The Federal Road Safety Corps was established ONLY to reduce alarming fatal accidents on Nigerian federal and state highways rather than the self-imposed greed of revenue generation. Only in Nigeria would this supposed lives-saving agency require tragic and avoidable deaths of innocent travellers in successive ghastly trailer and tanker accident to remind the agency (FRSC) the purpose for which it was established in the first place.

Founded at state level by former Oyo State governor, the late Bola Ige, the FRSC mandate was unambiguous and strictly adhered to. The ever-rising  fatal accidents in Oyo State must be curbed, and those who pioneered the Road Safety Corps in Oyo State limited themselves to their duty – mainly to drastically reduce rate of accident. And they succeeded.

That success in Oyo  State attracted national impact such that former President Ibrahim Babangida found it necessary that the feat in reducing road accidents in Oyo State should be extended to all roads in Nigeria. Hence, the setting up of the Federal Road Safety Corps under his military regime. It is thus ever true that the best tribute to your fellow citizen is to acknowledge and copy his good sides.
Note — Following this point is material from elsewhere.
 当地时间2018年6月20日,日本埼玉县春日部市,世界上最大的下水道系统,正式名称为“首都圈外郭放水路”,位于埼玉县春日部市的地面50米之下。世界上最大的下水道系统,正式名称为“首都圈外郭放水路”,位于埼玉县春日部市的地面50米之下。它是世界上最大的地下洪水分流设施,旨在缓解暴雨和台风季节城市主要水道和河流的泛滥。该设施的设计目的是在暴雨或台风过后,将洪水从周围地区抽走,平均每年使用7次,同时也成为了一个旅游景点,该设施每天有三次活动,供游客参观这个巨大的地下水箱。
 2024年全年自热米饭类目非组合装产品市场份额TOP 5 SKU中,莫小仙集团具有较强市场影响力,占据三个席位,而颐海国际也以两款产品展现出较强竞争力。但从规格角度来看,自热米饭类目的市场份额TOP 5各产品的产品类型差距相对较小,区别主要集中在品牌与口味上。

With the new Federal Road Safety Corps, the mandate remained the same – to substantially reduce fatal road accidents on Nigerian roads. For the first time, there was sanity on all Nigerian roads. Whether as marshall or commanders, the strategy of the FRSC men was simple. Be a driver or vehicle owner, everybody on the highways, federal or inter-state roads, would not dare overtake a corps marshall or commander whose official car, so clearly marked, usually and deliberately limited himself to at most one hundred kilometres per hour or even less.
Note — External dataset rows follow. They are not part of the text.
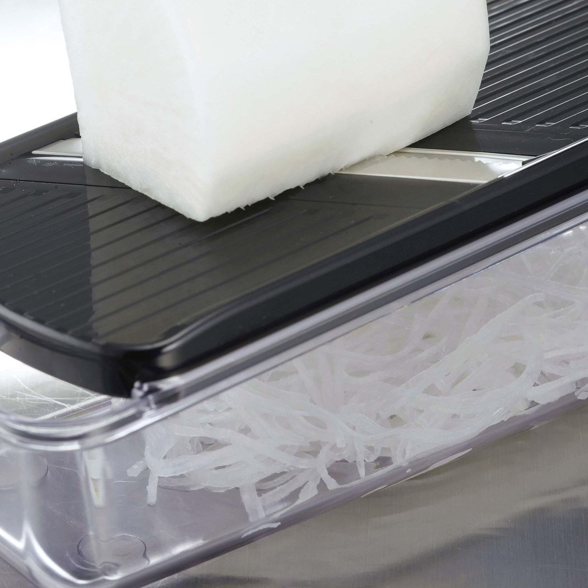 千切り・つま切りプレートには、安全性に配慮したボックス刃を採用しています。刃が外れる心配がなく、安定した使い心地です。角のある切り口で、シャキシャキとした食感に仕上がります。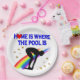 ZUHAUSE IST DER POOL FÜR DIESEN SCHWIMMER PAPPTELLER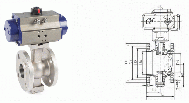 V型氣動球閥外形結(jié)構(gòu)圖: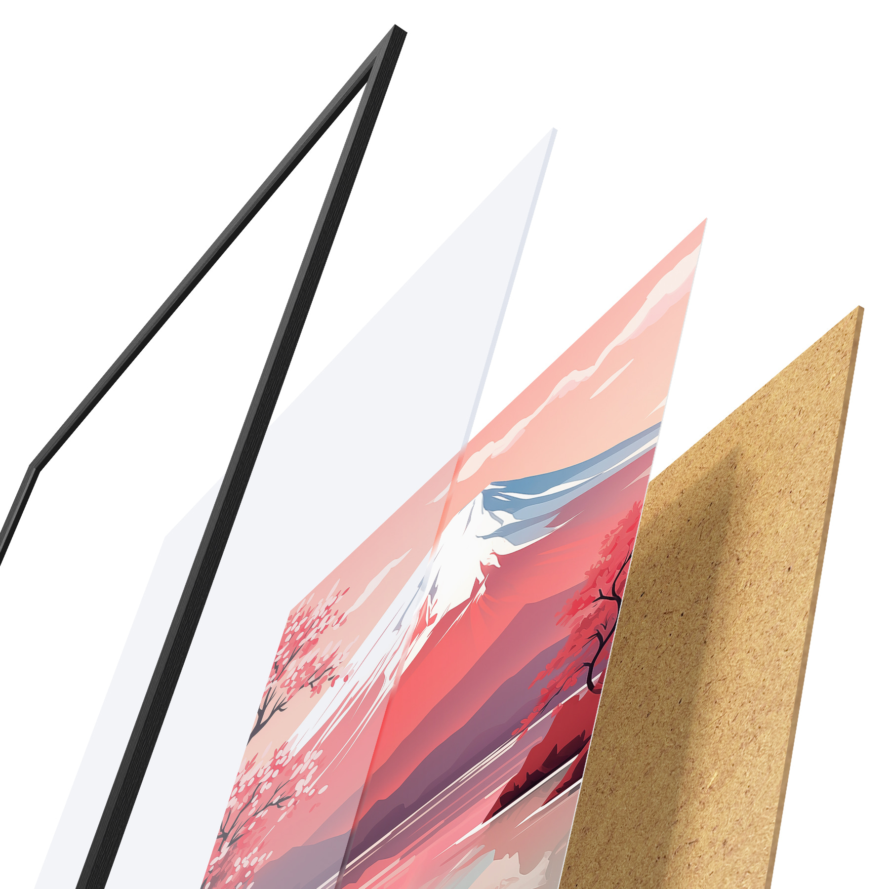 De poster bestaat uit een frame, plexiglas, geprinte afbeelding en spaanplaat achterkant. De poster kan meteen aan de muur worden gehangen dankzij de bevestigingen op de achterkant.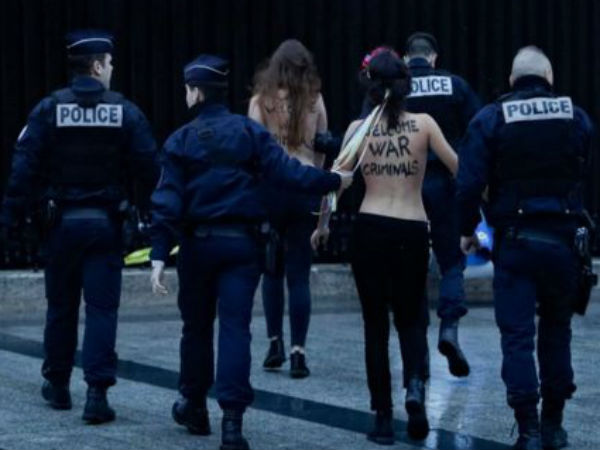 பாரிஸ்: அமெரிக்க அதிபர் டிரம்பிற்கு எதிர்ப்பு தெரிவிக்கும் விதத்தில் இரண்டு பெண்கள் மேலாடையால் இல்லாமல் அவருக்கு முன் ஓடி வந்த சம்பவம் பெரிய பரபரப்பை ஏற்படுத்தி இருக்கிறது.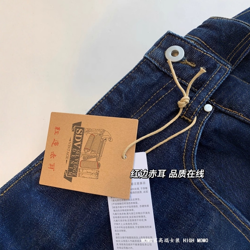 您的位置:他他商城  >  女装  >  超显腿直 丹宁原色深蓝色全棉红翻边高腰显瘦赤耳直筒牛仔裤女秋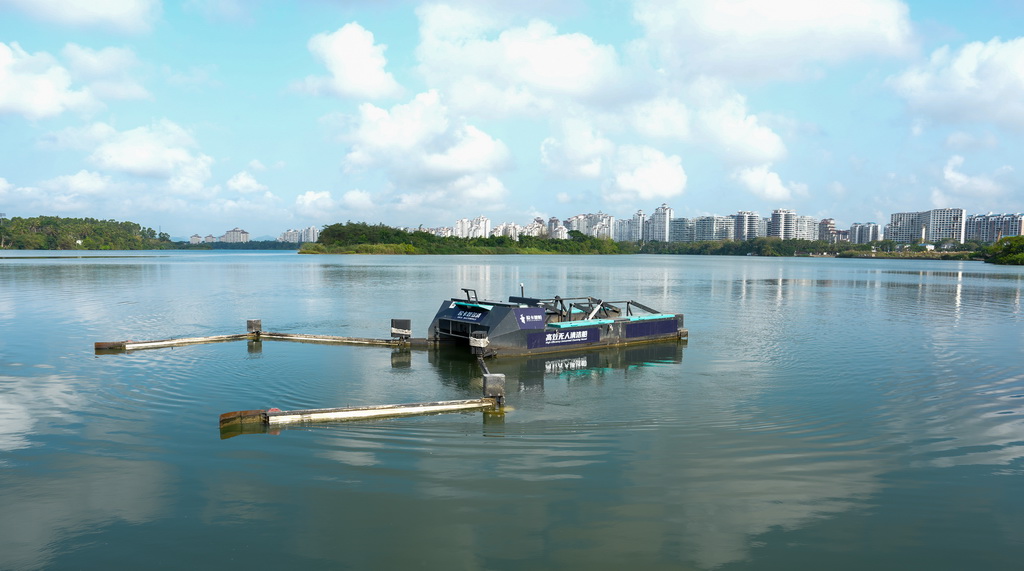 水上智慧环卫无人清洁船在万泉河水面作业(3月25日摄)。新华社记者 刘莲芬 摄

The message was clear. Any driver overtaking a Federal Road Safety Corps speed controller must have exceeded the mandatory limit of one hundred kilometres per hour on Nigerian roads. The culprit was easy to be arrested and prosecuted. Accordingly, the pile of vehicles was always behind the vehicle of the FRSC operative while immediately ahead of him, the road was very clear. Consequently, there was never the high rate of reckless driving and untimely deaths of passengers in other vehicles or those standing by.
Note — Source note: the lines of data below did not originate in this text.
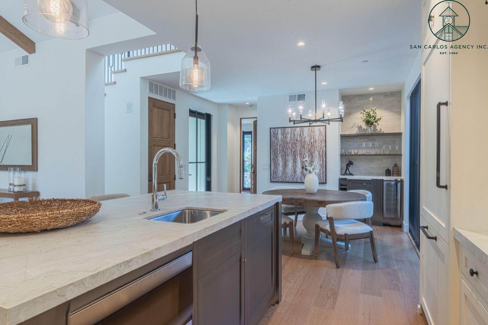 (TURNJ) San Carlos Agency, Inc. offers this exclusive and incredible unfurnished rental opportunity on the edge of the Golden Rectangle - this brand new three bedroom build combines both timeless craftsmanship with modern design. Situated on a quiet stretch of Mission Street, the home offers tranquility, convenience, walkability to both downtown and Carmel Beach, and top of the line finishes throughout. The two-story layout includes floor-to-ceiling windows, wide-plank oak floors, a luxurious primary suite on the ground level, quartzite finishes, eight-foot alder doors, and an open, airy design that combines comfort and elegance. Enjoy seamless living amongst the combined kitchen/living/dining with high ceilings and a gas log fireplace insert with beautiful Carmel stone surround. The kitchen offers new stainless steel and wood paneled appliances (gas range with vent hood, refrigerator with bottom freezer, dishwasher, under-counter microwave), multiple sinks, custom recessed cabinetry, eat-in island, and gorgeous quartzite counters. Take in beautiful peek views of the Mal Paso hills and Carmel's historic water tower from the upstairs bedrooms, which share a full bath (shower/tub combo). Other highlights include a spacious attached garage (additional off-street parking in driveway), forced air heating with a dual-zone furnace, copper gutters and downspouts, and handcrafted alder doors. Brand new stackable washer/dryer unit in laundry closet and left as a courtesy to tenant. Tenant pays all standard utilities except Landlord will pay for a gardening service. Available unfurnished only. Pet negotiable. No smoking. Landlord will require Tenant obtain a Renter's Insurance policy. Contact San Carlos Agency, Inc. at (831) 624-3901 or rentals@sancarlosagency.com to schedule a showing. Visit www.SanCarlosAgency.com or www.CarmelRentalProperties.com.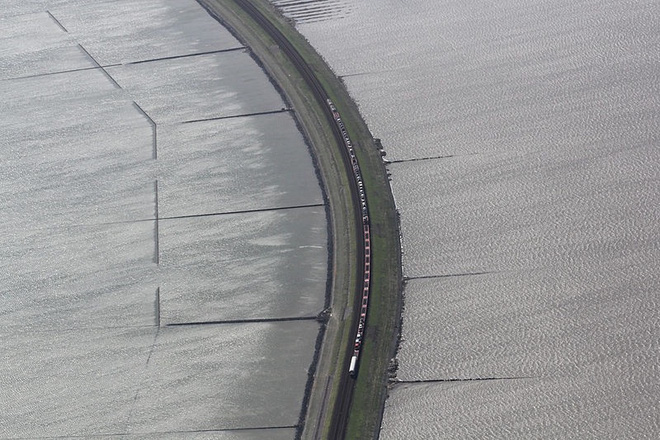 Trong 4 năm ấy, người Đức đã đưa hơn 3 triệu mét khối cát và đất sét, cùng 120 tấn đá từ đất liền ra biển để xây 11km đập ngăn biển, sau đó đặt đường ray trên đó.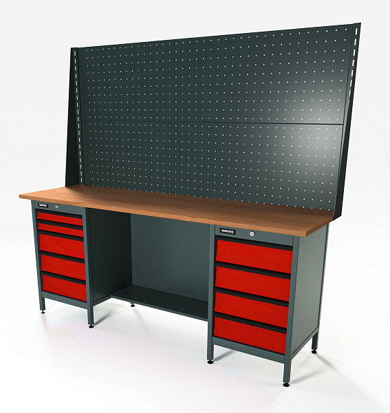 Верстак серии Standart, 2000 мм, фанера, тумба с 4-мя ящиками + тумба с 5-ю ящиками, экран 1000, красный RAL 3020

Sadly, those days of assured safety on our roads are gone. Road Corps operatives no longer control speed on highways. These days, fast-driving vehicles on suicide or massacre missions contemptuously drive past FRSC vehicles mostly parking on a side of the road negotiating financial settlement. Even where FRSC vehicles are in motion on the highways, the corps, clearly exhibit ignorance on neglect of their main duty to drive ahead and keep in check the high speed of the murderers, presuming to be official and private vehicle drivers.

The failure and abandonment of official responsibility by FRSC operatives is bad enough. But at corporate level, the FRSC leadership is worse. Here was a public agency set up specifically to prevent road accidents in the country. Suddenly, the same FRSC at corporate level, not only led in abandoning its statutory responsibility but overnight, (FRSC that is) the power of becoming a money-spinning conglomerate eventually aiming the same level of NPA, NIMMASSA, National Communications Commission, National Broadcasting Commission if not NNPC and NLG.

In those early days, when FRSC clearly impacted on reducing road accidents, it (FRSC) never struggled for supremacy in collecting driver’s licence and vehicle registration revenue which, since colonial days, had been the monopoly, indeed exclusive preserve of local governments or at the highest state (erstwhile regional) governments. Suddenly, FRSC became the fat cat consuming (perhaps, hundreds of) billions of naira as driver’s licence and vehicle registration. To ensure its regular consumption, FRSC, apart from astronomically increasing costs of driver’s licence also reduced the life span of a new driver’s licence from five years to two years. Cost of vehicle registration was also more than doubled. All these were not the purpose of establishing FRSC.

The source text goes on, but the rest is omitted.